## Assignment
Each line below from the "Figure 2. Correlation" line through the "Dorada la tigaie" line, those two included, must be restated word for word; the pictures must not be.

## Raw data
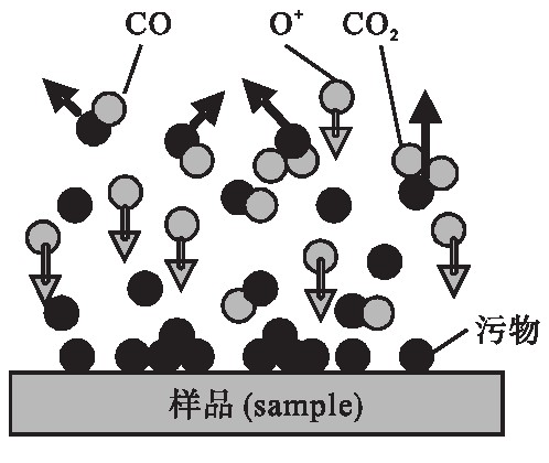 就反應機理來看, 等離子體清洗通常包括以下過程:無機氣體被激發為等離子態;氣相物質被吸附在固體表面;被吸附基團與固體表面分子反應生成產物分子;產物分子解析形成氣相;反應殘余物脫離表面。 典型的等離子體化學清洗工藝是氧氣等離子體清洗。下圖簡單描述了等離子體清洗的機理, 主要是依靠等離子體中活性粒子的“活化作用”達到去除物體表面污漬的目的。通過等離子體產生的氧自由基非常活潑, 容易與碳氫化合物發生反應, 產生二氧化碳、一氧化碳和水等易揮發物, 從而去除表面的污染物。
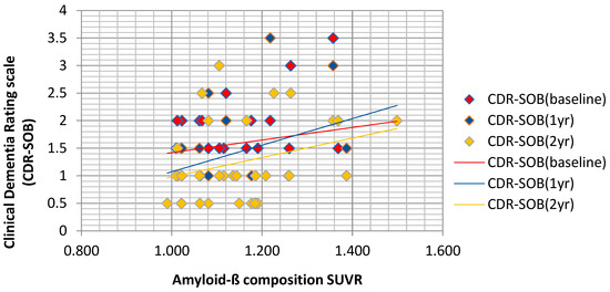 Figure 2. Correlation plot between CDR-SOB and Amyloid-ß composite SUVRs. CDR-SOB, Clinical. Dementia Rating–Sum of Boxes; SUVRs, standardized uptake value ratios.
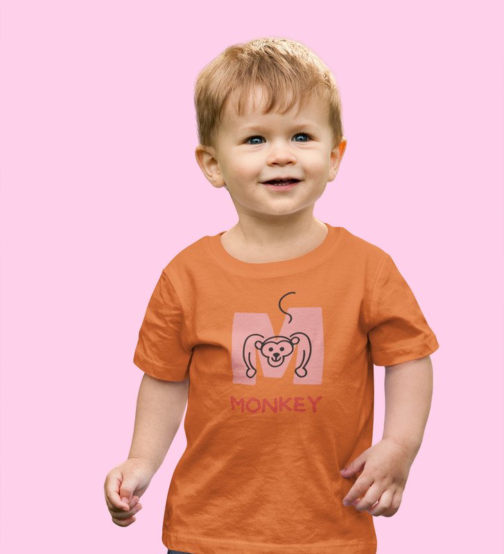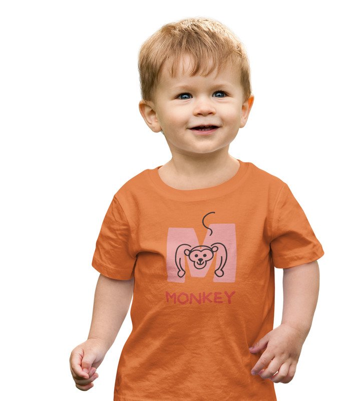 Monkey Love, Boys Cotton Text Print Tshirt (orange)
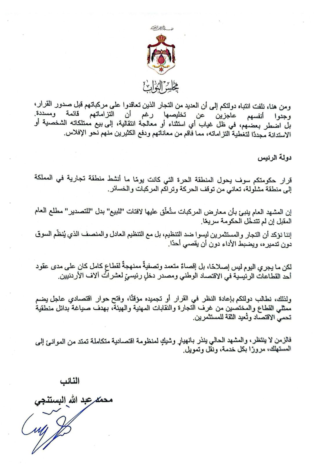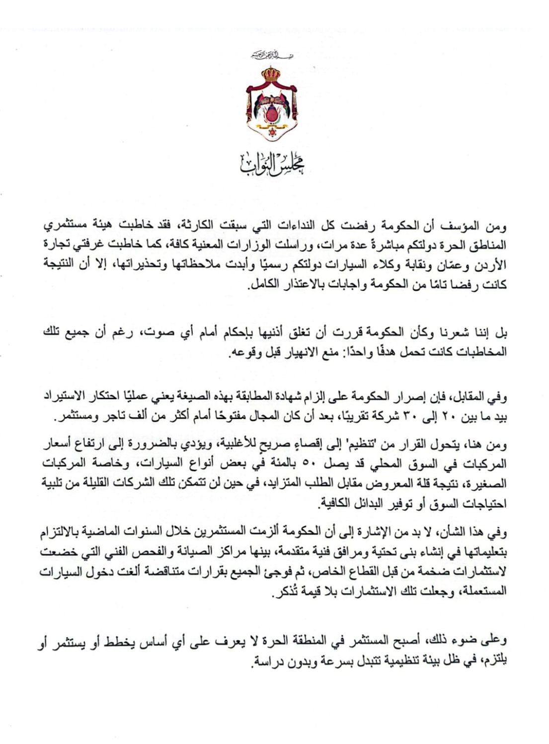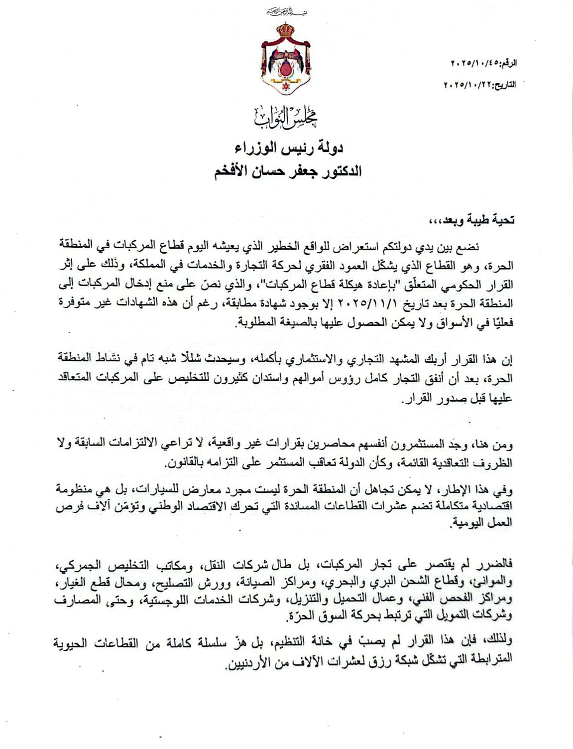وقال النائب البستنجي، بحسب المذكرة، إن القرار فُرض دون دراسة واقعية كافية، فشهادات المطابقة المطلوبة غير متوفرة في ويستحيل إصدارها، مضيفًا أن القرار "سيغلق فعليًا أبواب المنطقة الحرة أمام حركة المركبات والنشاط التجاري.
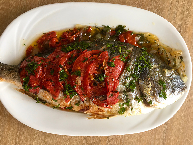 Dorada la tigaie cu cartofi si salsa verde cu masline
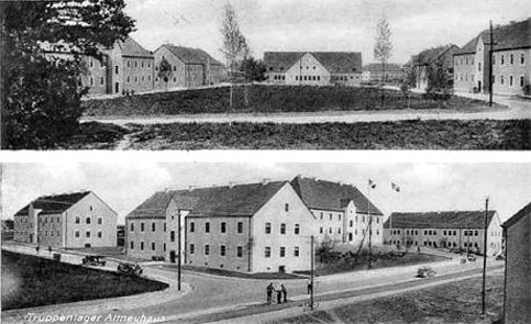 ausgewiesen." (7, Seite 135) Der Bau des eigentlichen Truppenlagers begann dann am 1.Juli 1937. "Es wurde so angelegt, dass sich im westlichen Teil die Truppenunterkünfte, Stallungen und Unterstell- und Wartungshallen für die Artillerie befanden, während im östlichen Teil die Gebäude für die Unterbringung eines Infanterieregiments mit Waffen und Gerät errichtete wurden." (7, Seite 135) "Im Juni 1938 war das Lager für die obenangeführten Truppenstärken auch bezugsfertig." (6, Seite I/166f) Am 11. Juni 1938 zogen dann die ersten Truppen ein. "Die Fertigstellung des letzten Bauabschnitts verzögerte sich jedoch bis zum Jahr 1941." (7, Seite 135) Schuld daran waren sicher, wie beim Westlager Bernreuth, die Materialknappheit und der Ausbruch des 2. Weltkriegs am 1. September 1939. Eines der Stallgebäude der bespannten Artillerie wurde bald zur Südlagerkapelle umgebaut und umfunktioniert. Die Turmhaube stammte von der Kapelle des Hammergutes Altneuhaus, die Glocke von der aus Altenweiher. (7, Seite 137)

## The completed task
 Figure 2. Correlation plot between CDR-SOB and Amyloid-ß composite SUVRs. CDR-SOB, Clinical. Dementia Rating–Sum of Boxes; SUVRs, standardized uptake value ratios.
 Monkey Love, Boys Cotton Text Print Tshirt (orange)
وقال النائب البستنجي، بحسب المذكرة، إن القرار فُرض دون دراسة واقعية كافية، فشهادات المطابقة المطلوبة غير متوفرة في ويستحيل إصدارها، مضيفًا أن القرار "سيغلق فعليًا أبواب المنطقة الحرة أمام حركة المركبات والنشاط التجاري.
 Dorada la tigaie cu cartofi si salsa verde cu masline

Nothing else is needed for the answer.